If planting between June and early July from self-raised or bought plants, allow 10 x 10 in. or 9 x 9 in., if mid to late July allow 7×8 in., and for planting up to around the third week of August, allow 5 x 5 in. and take only one stem (without stopping). It helps to give even growth if plants are ‘graded’ into sizes when planting. Beds should be approxi-mately 4 ft. 6 in. to 5 ft. wide.


Plants generally make rapid growth under warm greenhouse conditions, and stopping is carried out a week or so after planting for all but the single stem crop. Regular watering is essential, as also is liquid feeding, the emphasis being on potash or nitrogen, according to whether growth is soft or hard respectively. Support is best achieved by means of 6 in. mesh netting of either hessian or plastic strained on supports, and this is gradually raised as the plants grow. Stringent pest and disease control is essential, and adequate ventilation should be given constantly, maintaining temperatures in the 55-60°F. Region, especially during bud formation time around September and October.

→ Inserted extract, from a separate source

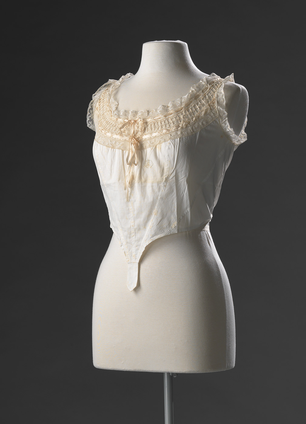 Het korsetlijfje is gemaakt van wit katoen. De mouwen en hals zijn versierd met kant en doorgetrokken linten. Het voorpand is voorzien van drie tunnels, waarin drie baleinen konden worden geplaatst. Vrouwen haalden deze eruit wanneer ze het korsetlijfje wilden gaan wassen. Om het korsetlijfje op zijn plek te houden, spelde de draagster de punt middenvoor zo laag mogelijk vast aan het korset. Een korsetlijfje werd normaliter over een korset gedragen. Vanwege de baleinen werd dit lijfje waarschijnlijk ook gedragen als onderlijfje of bustehouder. Het korsetlijfje is niet gewassen en vermoedelijk nooit gedragen. ( Judith van Amelsvoort)

Flowering period will extend from October until Xmas, or later according to variety, this depending on what is called the response group. This is a technique invaluable for the cut flower enthusiast, but it will be found that a little practical experience is worth a great deal. Both standard and spray varieties can of course be grown. Apart from cut flowers, pots of dwarf spray chrysanths can be grown on the same principle, 3 to 5 plants per 6-in. Plastic half-pot, following much the same timing.

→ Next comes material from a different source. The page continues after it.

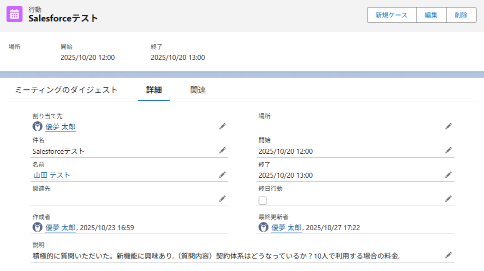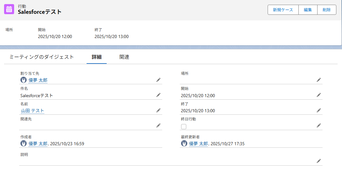 メモ欄に当日の記録を書き込んだので、この情報をSalesforceの行動オブジェクトへ追加するフローを実施したいと思います。

Based on the principle that certain chrysanths only form their flower buds when the daylight is less than 144- hours, this is also a technique which is widely practised commercially. Both bed and pot culture can be practised, in the first case in 5 ft. wide beds, in the same manner as described for direct planting, and for pot culture on either open or capillary type benches, usually 5 young plants being planted per 6-9 in. ‘half-pot’ or seed pan. The border soil must be of good quality and regularly changed or steam sterilised, not only to avoid disease but to reduce build-up of chemicals or plant toxins. This can in fact create cultural difficulties for the amateur, as chemical sterilisation is not often feasible for a number of reasons. With pots John Innes No. 2 or U/C Summer Mix should always be used. Temperature must be accurately controlled in the region of 55-60° F. if growth is to be maintained. Facilities must also be available for a line of 60 watt tungsten filament lights centrally situated over the beds at a height of 5 ft., (4 ft. apart) and also a framework of wires for supporting black polythene shading, so that by either lighting or shading the plants the photoperiodic impulse can be adjusted according to the time of year to either induce the plant to develop vegetatively (by simulating a day length of more than 14| hours) and initiating flower buds by bringing it below 144 hours by shading.